Friday morning, he woke up with the tell-tale redness, swollen conjunctiva and greenish discharge in his right eye, so out came the drops. His right eye now appears fine, although I will continue the drops for the week, of course. This morning, however, he woke up with a goopy, droopy red left eye ... again.

So now I'm worried. Why is he suddenly getting conjunctivitis all the time? I'm wondering if there might be an irritant or allergen somewhere that he's been exposed to recently, but I can't think what it could be? I'm trying not to think of PU, especially as Toby is only 17 months old, but is it possible that these frequent eye infections are harbingers? 

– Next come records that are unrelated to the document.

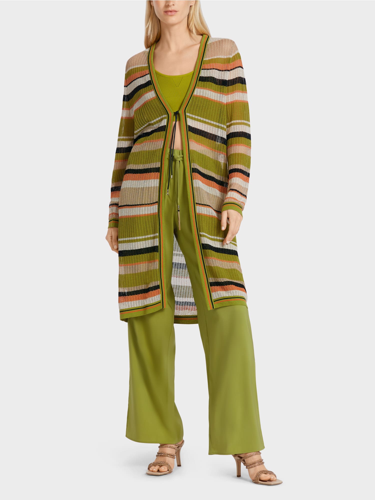 The cardigan is knitted in fine open work, making it light and airy to wear. It is fastened with a leather-effect band. The garment bears the “Rethink Together” sustainability label. It is also “Knitted in Germany”. It is knitted and finished in Germany using the latest technology and the individual pieces such as the sleeves and front, etc. are sewn together at our European partner companies.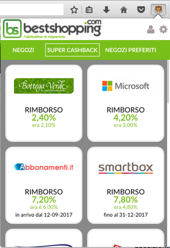 ส่วนขยายที่ต้องสมัครสมาชิกนี้ให้บริการเฉพาะผู้ใช้ที่ลงทะเบียนบน Bestshopping.com โดยมุ่งเน้นไปที่การซื้อจากร้านค้าในอิตาลี โดยการใช้เครื่องมือนี้ ผู้ใช้สามารถปรับปรุงวิถีชีวิตของตนได้โดยการตัดสินใจในการช็อปปิ้งที่มีข้อมูลซึ่งรวมถึงการประหยัดที่เป็นไปได้ ทำให้มันเป็นแหล่งข้อมูลที่จำเป็นสำหรับนักช็อปออนไลน์ที่ชาญฉลาดที่ต้องการใช้ประโยชน์จากข้อเสนอเงินคืน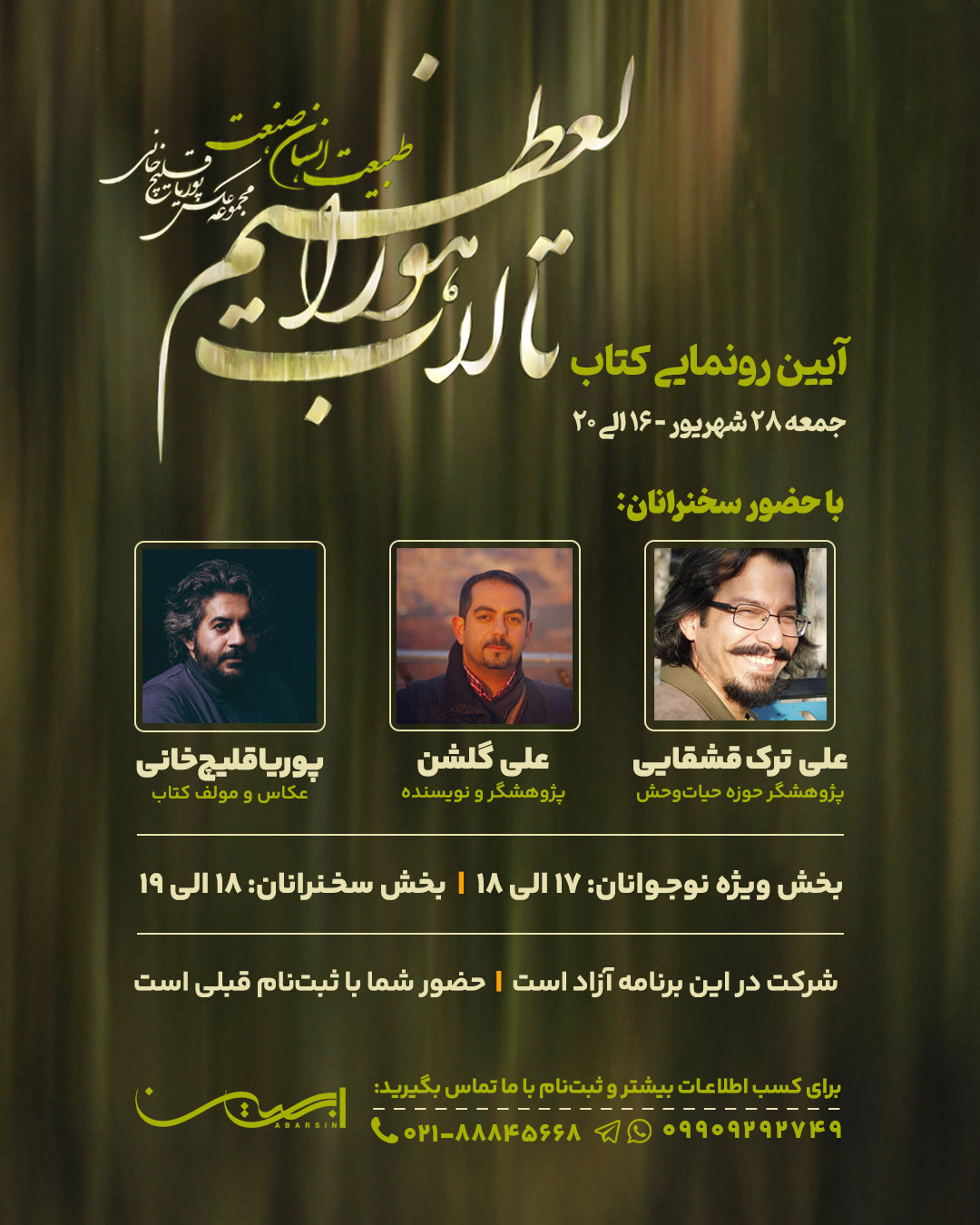 این نشست با حضور نویسنده کتاب‌ « تالاب هورالعظیم »، پوریا قلیچ‌خانی، کارشناس ارشد تنوع زیستی، مولف، برنامه‌ ساز و عکاس،علی گلشن، پژوهشگر و نویسنده، علی ترک‌قشقایی، پژوهشگر حوزه حیات‌وحش، در موسسه ابرسین، برگزار می‌شود. این کتاب که حاصل یک سال و نیم تلاش مستمر و پژوهش میدانی پوریا قلیچ خانی در دو بخش ایرانی و عراقی تالاب است که به سه جنبه کلیدی این زیست‌بوم ، فرهنگ جامعه تالاب‌نشین و تأثیرحضور صنعت می‌پردازد.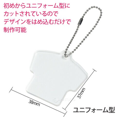 初めからユニフォーム型にカットされており、デザインをはめ込むだけでオリジナルのキーホルダーがつくれます。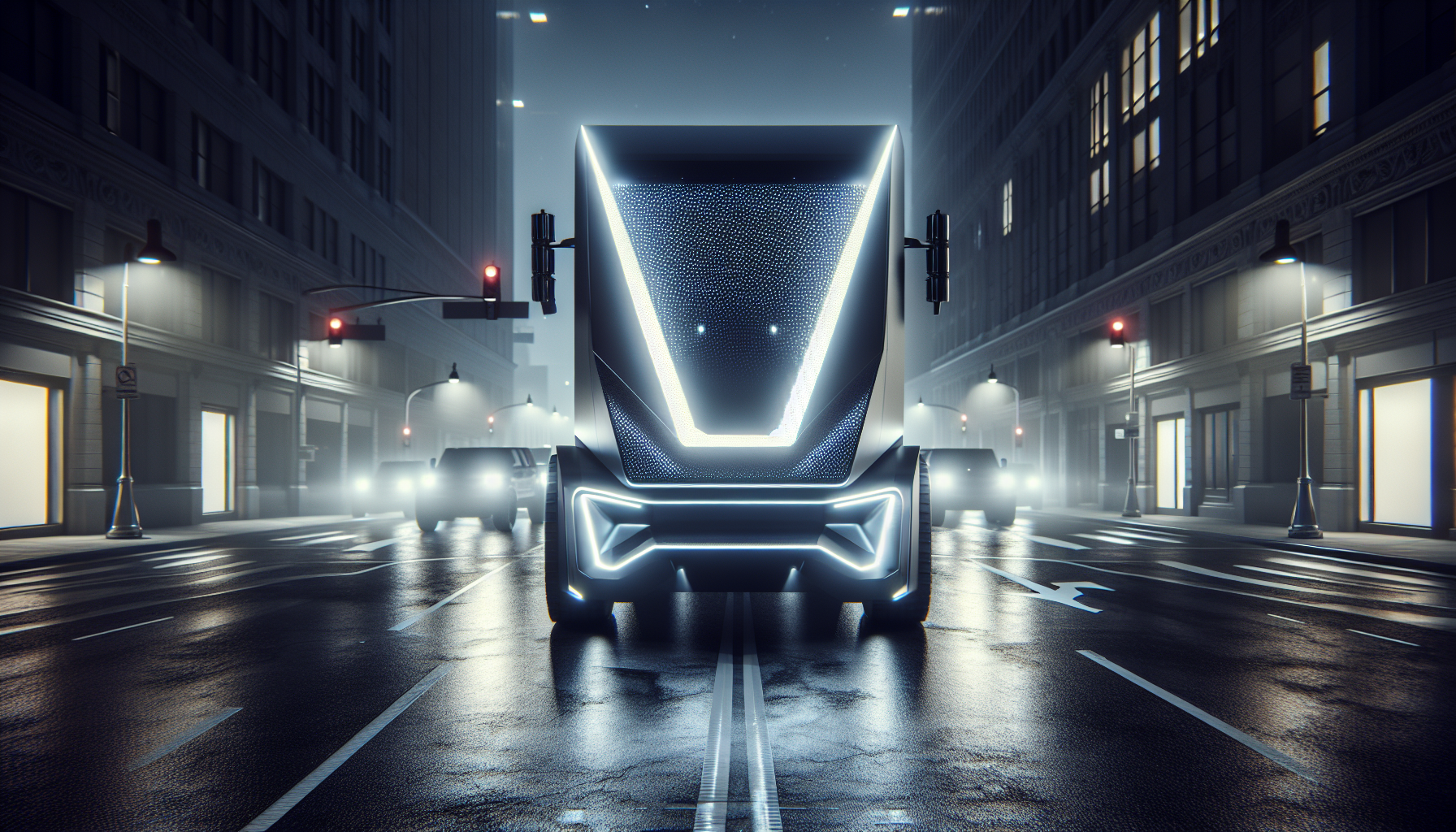 A Tesla Cybertruck with overly bright front parking lights on a dark street, illustrating the recall issue for a news article.

Any advice would be greatly appreciated.


----------



## Dallas Gold (Dec 22, 2007)

Did you go to a regular veterinarian for the diagnosis or an ophthalmologist? If it was a regular vet, you might want to get a referral to a specialist now just to make sure there isn't something else going on that mimics conjunctivitis. It may be another infection, or it could be something completely different. Since it's recurring I think a specialist visit is in order just to make sure there isn't something else going on. It's not a bad idea to get a thorough eye exam anyway and the specialist has all the special tools. 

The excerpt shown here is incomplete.